» **PROBLEM DETAILS**: In the listing that follows, the lines starting at the one containing "BORDDURCHL.-SCHLAUCHANSCHL. ART.-NR. 8748" and ending at the one containing "3. Add uncooked" are to be returned exactly, both boundary lines included, and no others.

» **RECORDS FOR THE TASK**:
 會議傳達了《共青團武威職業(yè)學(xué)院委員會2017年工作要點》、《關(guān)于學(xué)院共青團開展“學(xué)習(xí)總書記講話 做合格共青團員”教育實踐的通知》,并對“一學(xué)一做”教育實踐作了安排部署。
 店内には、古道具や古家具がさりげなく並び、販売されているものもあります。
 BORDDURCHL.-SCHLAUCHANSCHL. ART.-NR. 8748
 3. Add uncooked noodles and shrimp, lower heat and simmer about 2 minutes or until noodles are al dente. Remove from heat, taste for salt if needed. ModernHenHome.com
--
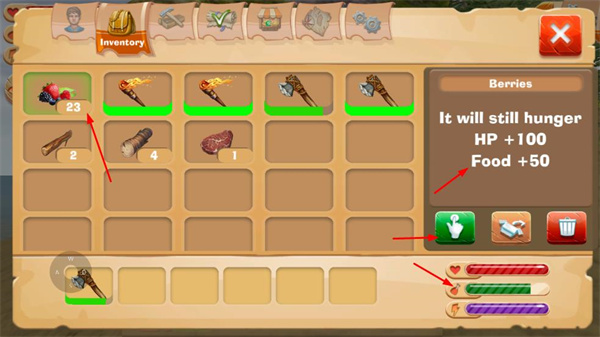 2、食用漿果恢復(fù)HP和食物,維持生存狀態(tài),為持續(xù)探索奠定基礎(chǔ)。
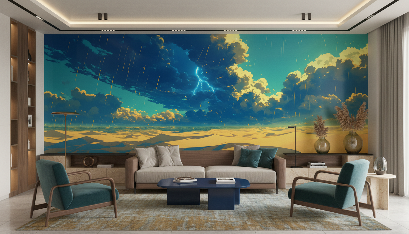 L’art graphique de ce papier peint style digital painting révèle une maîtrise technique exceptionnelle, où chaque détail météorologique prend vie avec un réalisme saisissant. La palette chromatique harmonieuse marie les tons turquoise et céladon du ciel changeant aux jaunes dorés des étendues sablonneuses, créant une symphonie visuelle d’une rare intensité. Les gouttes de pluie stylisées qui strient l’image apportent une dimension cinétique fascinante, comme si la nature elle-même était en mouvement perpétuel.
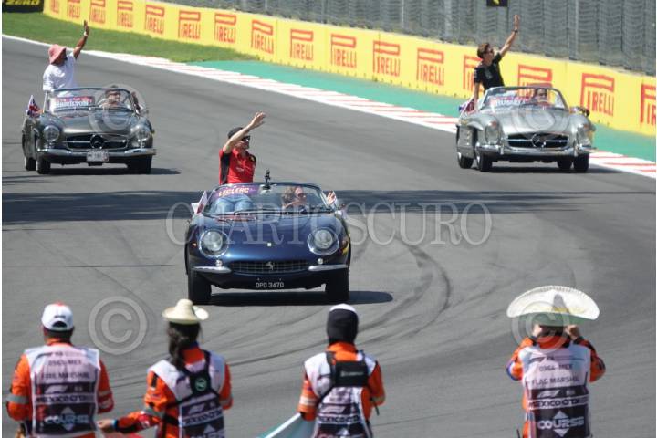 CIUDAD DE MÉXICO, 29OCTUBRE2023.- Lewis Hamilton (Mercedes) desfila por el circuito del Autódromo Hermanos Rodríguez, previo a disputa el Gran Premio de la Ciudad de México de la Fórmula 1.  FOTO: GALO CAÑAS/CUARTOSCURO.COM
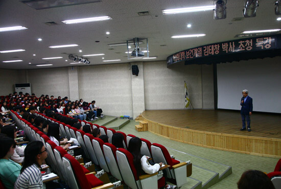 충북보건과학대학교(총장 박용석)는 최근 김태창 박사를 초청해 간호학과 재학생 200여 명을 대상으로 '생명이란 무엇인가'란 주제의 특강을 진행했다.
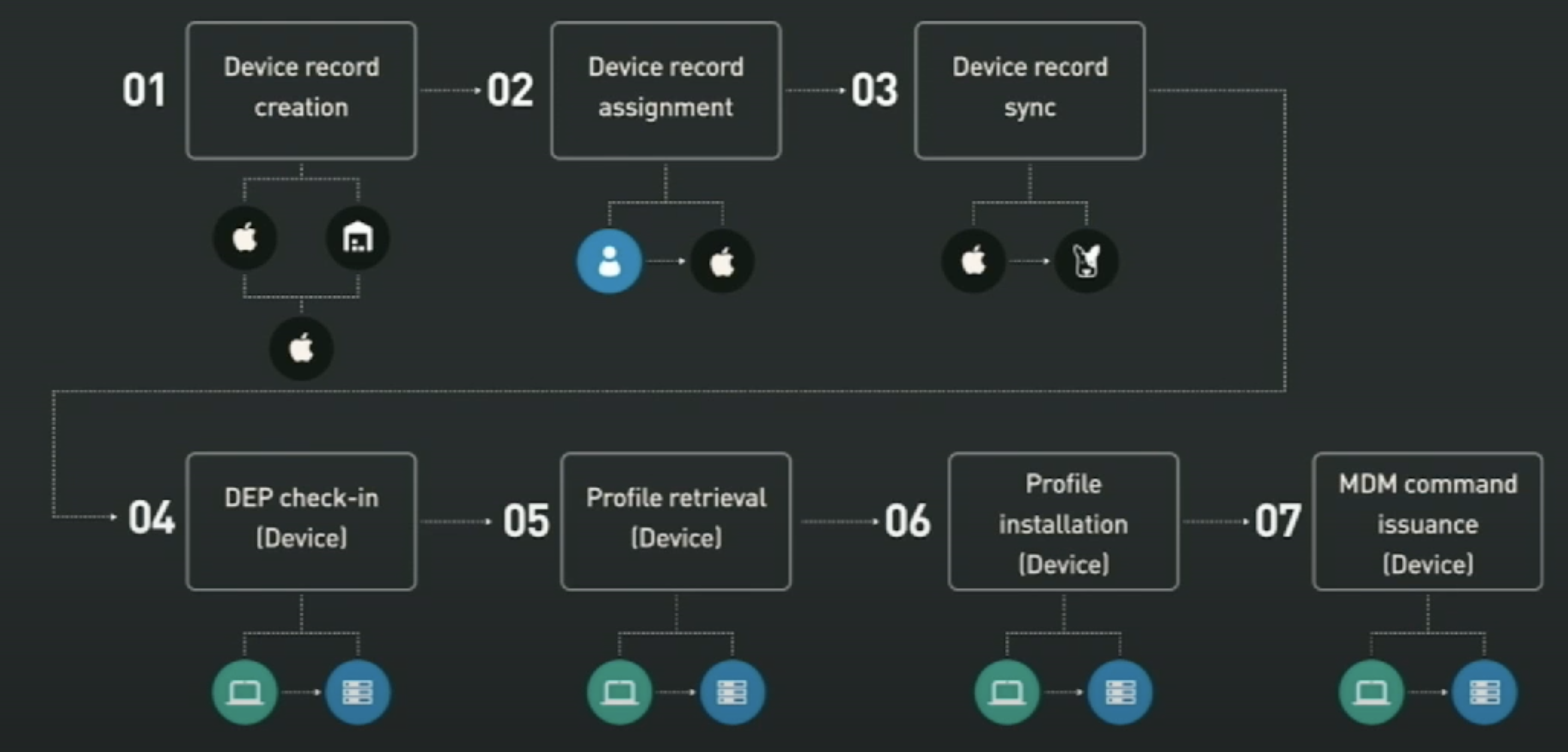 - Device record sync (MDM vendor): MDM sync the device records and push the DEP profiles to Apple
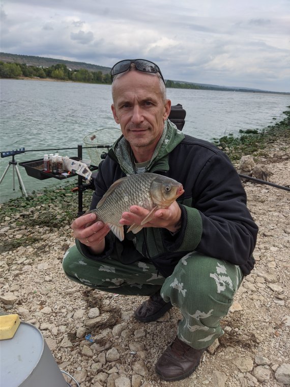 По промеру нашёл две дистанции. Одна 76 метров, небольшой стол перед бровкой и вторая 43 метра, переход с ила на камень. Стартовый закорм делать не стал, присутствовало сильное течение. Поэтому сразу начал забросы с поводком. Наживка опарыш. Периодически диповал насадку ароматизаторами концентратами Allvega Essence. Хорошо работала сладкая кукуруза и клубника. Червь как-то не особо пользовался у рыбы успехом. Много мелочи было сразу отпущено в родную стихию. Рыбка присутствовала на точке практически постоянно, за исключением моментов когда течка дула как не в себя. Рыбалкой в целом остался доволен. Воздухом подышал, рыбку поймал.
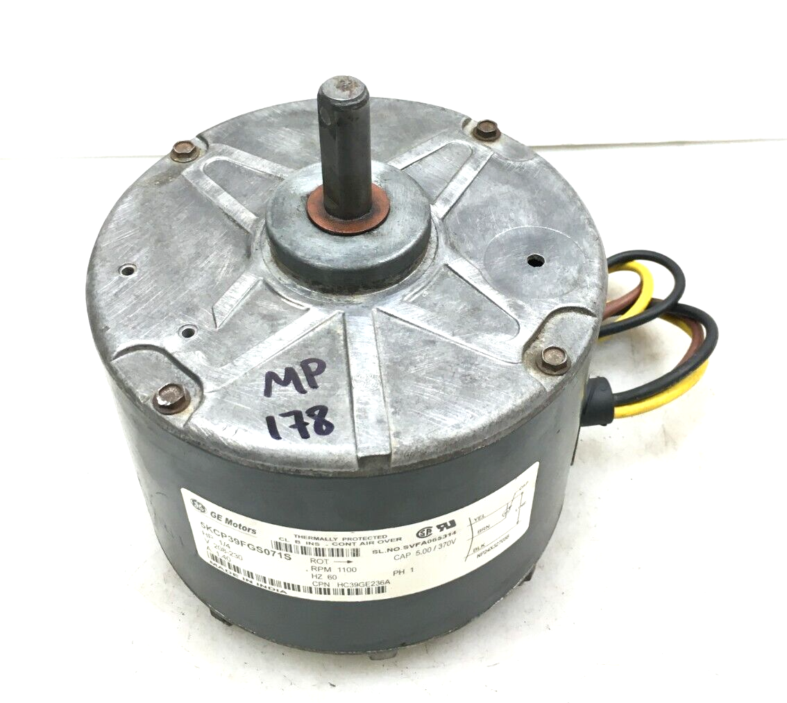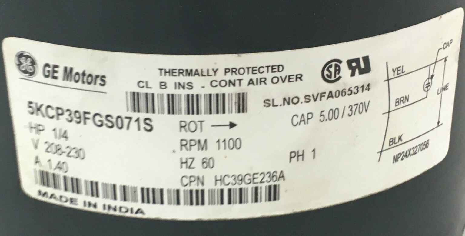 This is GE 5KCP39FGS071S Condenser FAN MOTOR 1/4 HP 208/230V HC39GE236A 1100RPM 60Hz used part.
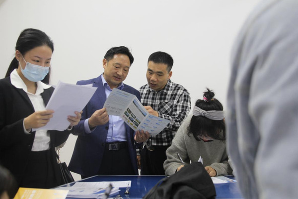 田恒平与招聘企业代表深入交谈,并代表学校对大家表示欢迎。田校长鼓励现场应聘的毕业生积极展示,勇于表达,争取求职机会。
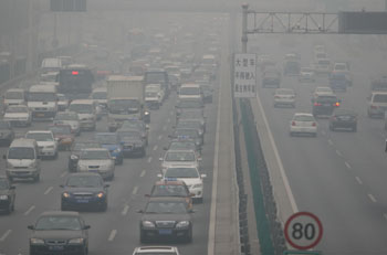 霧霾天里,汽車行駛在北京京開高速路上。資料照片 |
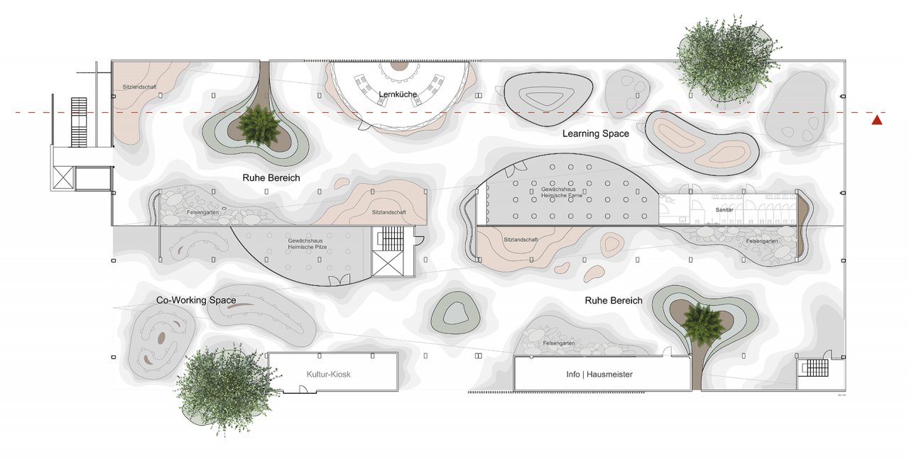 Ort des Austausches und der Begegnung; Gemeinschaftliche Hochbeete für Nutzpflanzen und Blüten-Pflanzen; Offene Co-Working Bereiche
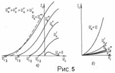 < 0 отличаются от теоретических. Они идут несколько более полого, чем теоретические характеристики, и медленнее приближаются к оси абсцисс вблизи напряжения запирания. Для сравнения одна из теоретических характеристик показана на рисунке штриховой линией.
* * *
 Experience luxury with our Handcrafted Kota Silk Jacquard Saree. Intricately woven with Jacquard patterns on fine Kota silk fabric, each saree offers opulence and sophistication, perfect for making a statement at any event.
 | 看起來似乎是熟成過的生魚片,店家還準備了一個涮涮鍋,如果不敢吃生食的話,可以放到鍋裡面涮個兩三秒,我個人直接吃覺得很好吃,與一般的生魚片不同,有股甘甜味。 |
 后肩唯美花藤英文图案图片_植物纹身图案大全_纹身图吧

» **ANSWER SECTION**:
 BORDDURCHL.-SCHLAUCHANSCHL. ART.-NR. 8748
 3. Add uncooked noodles and shrimp, lower heat and simmer about 2 minutes or until noodles are al dente. Remove from heat, taste for salt if needed. ModernHenHome.com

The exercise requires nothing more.